Monday, Jul. 30, 1979
Bad All Over
Grim thoughts from the OECD
The increase in oil prices--approximately 60% since January--will send the developed nations into their worst economic slowdown since the first round of OPEC price gouging touched off the 1974-75 recession. So says the Organization for Economic Cooperation and Development in its semi-annual forecast covering 24 member nations of the industrial world. In the next twelve months, predicts the OECD, their economic growth will average 2%, down from 3.7% last year; their inflation will rise from 7.9% to 10%; and their unemployment may swell from 5.25% to 6%, a postwar record of 19 million people out of work in OECD countries.
The forecast found that the U.S. will have no growth at all.
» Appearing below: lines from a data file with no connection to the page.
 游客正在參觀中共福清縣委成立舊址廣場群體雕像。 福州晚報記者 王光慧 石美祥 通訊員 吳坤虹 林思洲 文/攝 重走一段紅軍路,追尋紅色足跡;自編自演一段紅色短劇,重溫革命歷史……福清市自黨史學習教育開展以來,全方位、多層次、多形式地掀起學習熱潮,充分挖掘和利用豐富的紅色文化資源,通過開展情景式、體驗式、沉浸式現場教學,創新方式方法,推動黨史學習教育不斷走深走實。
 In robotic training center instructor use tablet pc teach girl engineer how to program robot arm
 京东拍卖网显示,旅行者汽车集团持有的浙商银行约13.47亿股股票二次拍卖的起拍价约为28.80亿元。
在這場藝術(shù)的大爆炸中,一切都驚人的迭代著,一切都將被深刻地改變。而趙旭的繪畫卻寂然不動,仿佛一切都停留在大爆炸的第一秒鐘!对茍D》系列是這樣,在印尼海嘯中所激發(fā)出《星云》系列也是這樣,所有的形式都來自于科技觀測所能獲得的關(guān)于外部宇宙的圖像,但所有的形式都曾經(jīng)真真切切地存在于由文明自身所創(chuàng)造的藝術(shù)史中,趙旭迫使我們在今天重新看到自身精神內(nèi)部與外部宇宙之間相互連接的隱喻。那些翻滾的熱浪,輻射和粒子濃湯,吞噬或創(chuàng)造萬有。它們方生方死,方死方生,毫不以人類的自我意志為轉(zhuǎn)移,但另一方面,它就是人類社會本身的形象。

Elsewhere, performances will range from flat in Britain to a healthy 4.5% to 5% expansion in Japan. West Germany, Europe's trusty "locomotive," will slow to about 3%, while France will do well to reach 2.5%. Because of higher prices for oil, balance of payment deficits for the OECD countries will double, to $40 billion. Meanwhile, the combined surpluses of the OPEC cartel will also double, to $70 billion.
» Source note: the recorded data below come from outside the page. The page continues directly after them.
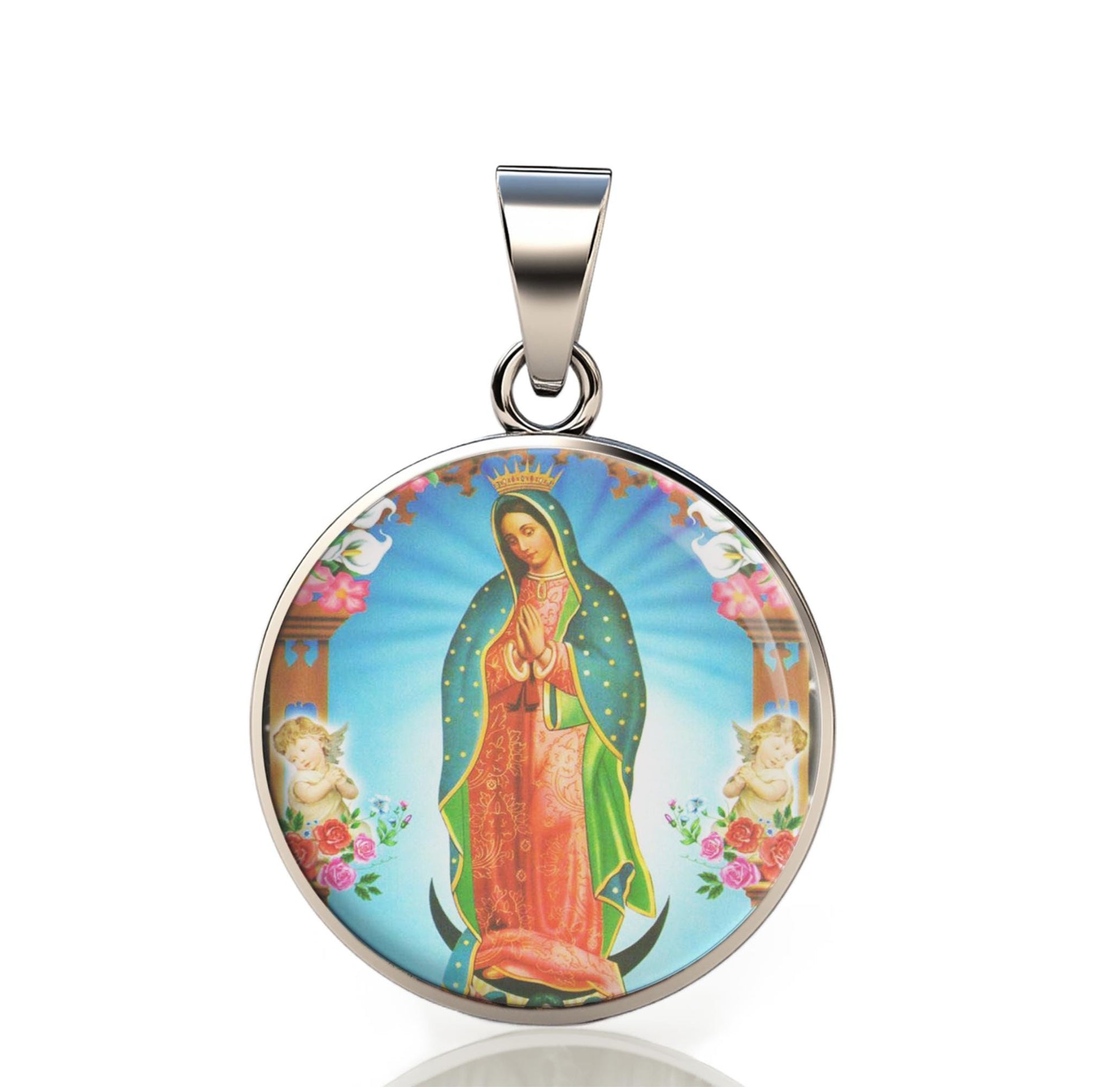 Our Lady Guadalupe 925 Sterling Silver II Round Pendant Christian Religious Medal Small 20mm
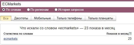 Бренд "ECMarkets" в поисковой системе Яндекс также не популярный, так как количество запросов по версии Яндекс.Вордстат равняются 23 за последний месяц.
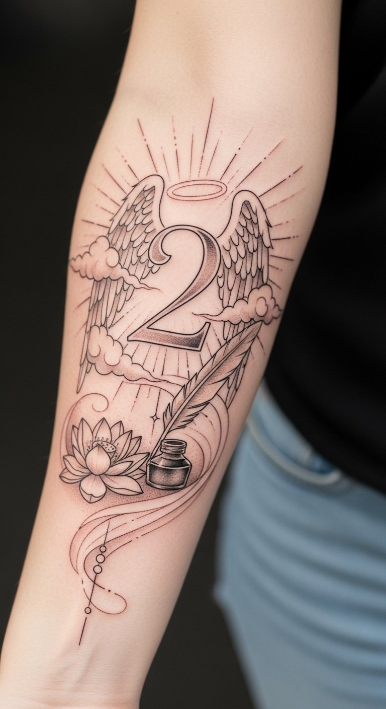 This tattoo concept embodies the transformative essence of the angel number 2, emphasizing spiritual awareness and connection.

The report warns that any tinkering with the economy--such as a tax cut in the U.S. or further increases in West German interest rates--will only make the situation worse, and it advises policymakers to sit tight. Their main priority, the OECD advises, should be to reduce oil imports. Says John Fay, head of the OECD's economic department: "We have a long road of rather slow growth ahead of us."